Spoiler: [STEALTH] : "They'll never see it coming."




[Stealth] - (20/100) : You're harder to be caught if you stay still in darkness. Your sneak attack causes less noise than normal for double damage.
[Stealth] - (40/100) : You can blend into places with dim lights without being detected, even in closer range. Your sneak attack won't cause any noise at all, and now does 3 times more damage.
[Stealth] - (60/100) : You can move silently without any penalty of movement speed, being able to get in and out to safety before enemies ever notice you. Your sneak attack now does 4 time more damage.
[Stealth] - (80/100) : You're nimble and quick on your feet, being able to easily make your enemies lose your track. Your sneak attack does 5 times normal damage.
[Stealth] - (100/100) : You're an invisible murderer that move with the wind and have shadow at your back. You've mastered the technique to blend in within your surroundings even in your victims' plain sight, and your sneak attack is now 6 times deadlier than normal.


----------



## TheOneRealPotato (Dec 26, 2016)

Jin-Lust-4-Sin said:


> meanwhile "Tales of Deities" has been dragged on to the point I don't even know anymore...
> now, if you plan to include health, mana, stamina and stats in, though, lemme bring this to ya :
> 
> 
> ...



May I ask, who gave you permission to control someone's roleplay, or give suggestions to such an extent that you think it's certainly going to happen? God, your selfishness isn't limited, is it.


----------



## RileyTheOtter (Dec 26, 2016)

TheOneRealPotato said:


> May I ask, who gave you permission to control someone's roleplay, or give suggestions to such an extent that you think it's certainly going to happen? God, your selfishness isn't limited, is it.


Your being an asshole doesn't seem to have a limit. He was making a simple suggestion directly inspired by Oblivion, and yet here you are calling him selfish for making a suggestion on a system that Dragonmaster wants to implement anyway. Get to know people by their real personality before you judge them, not just how they rp.


----------



## TheOneRealPotato (Dec 26, 2016)

Abyssalrider said:


> Your being an asshole doesn't seem to have a limit. He was making a simple suggestion directly inspired by Oblivion, and yet here you are calling him selfish for making a suggestion on a system that Dragonmaster wants to implement anyway. Get to know people by their real personality before you judge them, not just how they rp.
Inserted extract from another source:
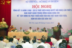 (Chinhphu.vn) - Ngày 8/8, Bộ VHTTDL tổ chức Hội nghị tổng kết 15 năm (1998-2013) thực hiện Nghị quyết Trung ương 5, khóa VIII, về “Xây dựng và phát triển nền văn hóa Việt Nam tiên tiến, đậm đà bản sắc dân tộc”.
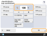 Du kan förstora eller förminska genom att ange reproförhållandet (%). Du kan ange olika värden för det vertikala och horisontella förhållandet.

I'm just saying. He constantly makes his characters more powerful than others and expects people to be fine with it, and planning things as if they are certainly going to happen makes him appear as if he thinks everybody would like it or as if he's better than anyone and as if he's saying 'Whatever I say goes'... I can just imagine it...



			
				Jin-Lust-4-Sin said:
			
		

> What ever I say goes! Now...


----------



## RileyTheOtter (Dec 26, 2016)

If you got to know him, you'd learn he's in fact a kind and considerate person. you simply refuse to get that far.


----------



## TheOneRealPotato (Dec 26, 2016)

Anyway, let's get back on topic.

PS. I don't have to like everybody.


----------



## Jin-Lust-4-Sin (Dec 26, 2016)

TheOneRealPotato said:


> Anyway, let's get back on topic.
> 
> PS. I don't have to like everybody.


And not everybody has to agree with you, fella.


----------



## TheOneRealPotato (Dec 26, 2016)

Jin-Lust-4-Sin said:


> And not everybody has to agree with you, fella.


See?

ANYWAY...


----------



## LuciantheHugmage (Dec 28, 2016)

God, I'm late. Stuff turned up.

Please tell me that this squabble is resolved. It looks like it is, but experience tells me that's not always the case.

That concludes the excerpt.